Many people have an undiagnosed allergy or sensitivity to wheat, because the human body is simply not designed to consume this product. Your body launches an immune response against wheat, producing antibodies towards it which results in inflammation and wide variety of other symptoms. When you eat wheat, it will temporarily alleviate some of these symptoms by inhibiting the antibodies that were generated, but then create more. So you will get stuck in a vicious cycle of craving and eating more and more of this food. The inflammation produced by food sensitivities can also inhibit sufficient levels of leptin, a hormone that is needed to turn off your hunger.

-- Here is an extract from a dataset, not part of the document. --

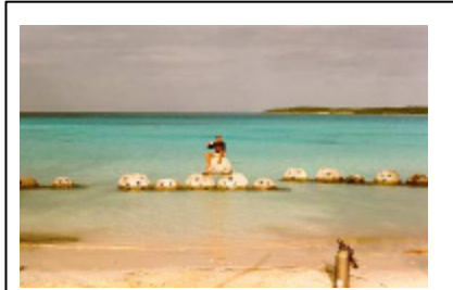
Photo showing a similar Reef Ball barrier in shallow water environment.

A smaller version of the Reef Ball shown in the photo would be used for the demonstration project. The "Lo Pro Reef Ball" is about two feet wide at the base and one foot tall and weighs about 75 pounds. These reef balls are well suited for the establishment of oyster and mussel beds that are common throughout Tampa Bay and along MacDill's shoreline. Placing the reef balls in approximately two feet of water would allow the balls to be mostly exposed during low tide and totally submerged at high tide, conditions which are generally suitable for oysters and other mollusks.

Additionally, both food sensitivity and the up and down rollercoaster ride of blood sugar and insulin are a form of stress on the body, which sets off the stress response system and a cascade of hormones like adrenalin and cortisol. Adrenalin triggers your liver to deliver glycogen (stored sugar) into the blood stream, and thus increasing your blood sugar levels even more. Thus, insulin will be released to remove this sugar and shuffle it into the fat cells and hunger will increase. Furthermore, a flood of feel-good neurotransmitters like endorphins, serotonin, dopamine and GABA are released when we are under stress, because they are called upon to help us cope with the situation.  So we may crave the foods that are bad for us, because of this boost in neurotransmitters that produces a mild euphoria.

However it’s important that you do not replace your wheat products with a bunch of gluten-free cookies, cereals, breads, pasta, etc., because these are also high in carbohydrates that are broken down into sugar and cause the same spike in blood sugar, release of insulin, storage of fat and stress response. Grains and starches of all kinds should be eliminated and replaced with meat and low-starch vegetables.

See for yourself how effective a wheat-free diet can be. Set a goal to replace breads, cereals, pasta, and crackers with meats, nuts, fruits, and vegetables for one month. You have nothing to lose but those stubborn love handles!

Reference:

Davis, William. Wheat Belly: Lose the Wheat, Lose the Weight, and Find Your Path Back to Health. Emmaus, Penn.: Rodale, 2011. Print.

2 thoughts on “Four Hidden Ways Wheat Can Make You Fat”

  1. I am glad I ran across this article. So my question is this: Since wheat is not good for you,then what is? I have allergies and along with lupus,when I cough, I also sneeze. I am suppose to be taking Zyrtec but I haven’t as of yet. Frankly I’m tired of taking chemicals called medicine!